HARRISBURG — In the second day of a pretrial hearing in the state’s case of alleged corruption involving Pennsylvania Turnpike contracts, prosecutor Laurel Brandstetter argued the state doesn’t have to prove a neat and tidy “quid pro quo” — but that the prosecution can instead prove a pattern of conduct by defendants over a period of time that amounted to criminal conduct.
“There need not be an overt discussion,” Ms. Brandstetter, senior deputy attorney general, told the Dauphin County Common Pleas Court Tuesday.
On Monday, attorneys for several of the defendants argued the commonwealth has failed to show evidence of “quid pro quo” — saying prosecutors haven’t linked specific gifts or campaign contributions with explicit promises of contracts or other actions.
Six men — former state Sen. Robert Mellow, former turnpike commissioner Mitchell Rubin, former turnpike CEO Joseph Brimmeier, former turnpike chief operating officer George Hatalowich, vendor Dennis Miller and a consultant for a vendor, Jeffrey Suzenski — were charged last year by Attorney General Kathleen Kane’s office in a case that alleged widespread corruption and bid-rigging at the turnpike.
Ms. Brandstetter rebutted other defense arguments Tuesday, saying turnpike officials were directly engaged in political efforts, and “induced vendors to participate out of a fear that their absence would be noted,” and used engineering lists for political fundraising efforts. It is not illegal for public employees to solicit campaign contributions, argued attorney William Fetterhoff, representing Mr. Hatalowich.
“It is not unlawful for a public employee at the turnpike to accept a gift from a vendor doing business with the turnpike,” he added. If those acts should be illegal, the proper way to proceed is changing the law via the General Assembly, not by prosecution, he said.
Similarly, Mr. Miller’s attorney, Mark Sheppard, told the court if there is no “quid pro quo” and the state is pursuing the men based on a pattern of activity or relationships, “how are these people to know when that crosses the line to some pattern or practice? ... When does the conduct become illegal?”
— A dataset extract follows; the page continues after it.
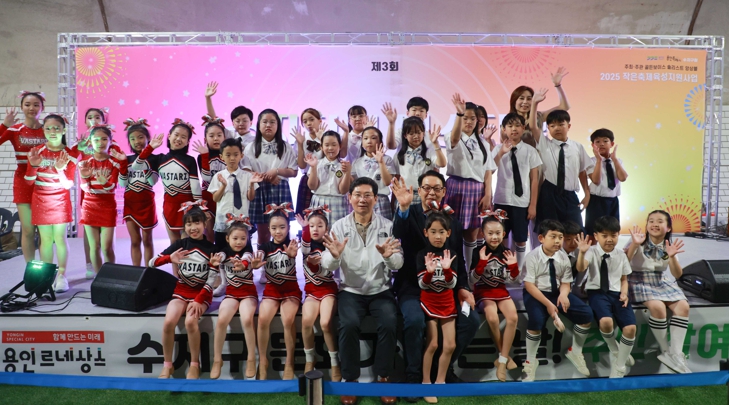 ▲ 19일 수지중앙터널에서 열린 '제3회 수지터널 페스티벌'에서 이상일 시장이 무대 위에 오른 학생들과 기념촬영을 하고 있다. |

Attorneys for Mellow argued on both days that his inclusion in the case amounts to “double jeopardy,” or being tried twice for the same crime. In 2012, Mellow pleaded guilty at the federal level of using his state Senate office for political work. His attorneys argued the state is charging him for essentially the same alleged scheme — improperly using his state office — during the same period, and using the same investigative materials and evidence the federal government did.
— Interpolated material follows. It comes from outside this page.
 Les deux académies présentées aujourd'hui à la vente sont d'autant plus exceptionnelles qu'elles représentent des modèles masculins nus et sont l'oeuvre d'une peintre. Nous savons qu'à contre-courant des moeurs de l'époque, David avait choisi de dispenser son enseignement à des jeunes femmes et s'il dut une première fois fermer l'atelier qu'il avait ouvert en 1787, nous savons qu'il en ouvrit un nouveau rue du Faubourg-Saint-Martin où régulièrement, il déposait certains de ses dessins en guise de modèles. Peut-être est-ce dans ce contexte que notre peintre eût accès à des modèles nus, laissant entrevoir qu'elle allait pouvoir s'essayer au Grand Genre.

But Ms. Brandstetter said the case against Mellow is not based on the same criminal conduct, and the federal case makes “no reference to the Turnpike Commission.”
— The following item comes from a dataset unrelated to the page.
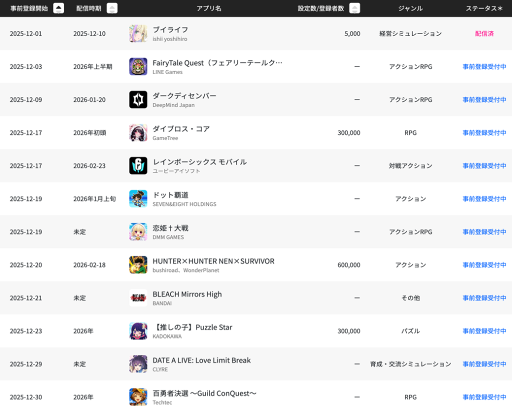 2025年12月の事前登録開始タイトルは12タイトル。そのうち1タイトルが配信済み。

Ms. Brandstetter will be joining the Pittsburgh law firm of Leech Tishman next month; a spokesman for the attorney general’s office could not comment on who would be replacing her on the turnpike case.
Attorneys for Mr. Brimmeier also argued a particular charge relating to a turnpike subcontract for his sister’s architectural firm should be thrown out because it was executed beyond the statute of limitations, he was not involved with the contract, and there is no proof he even knew about it, attorney Megan Scheib said.
After the hearing concluded Tuesday, Dauphin County Common Pleas Judge Richard Lewis promised a ruling on the issues as soon as possible. A jury trial is scheduled for November.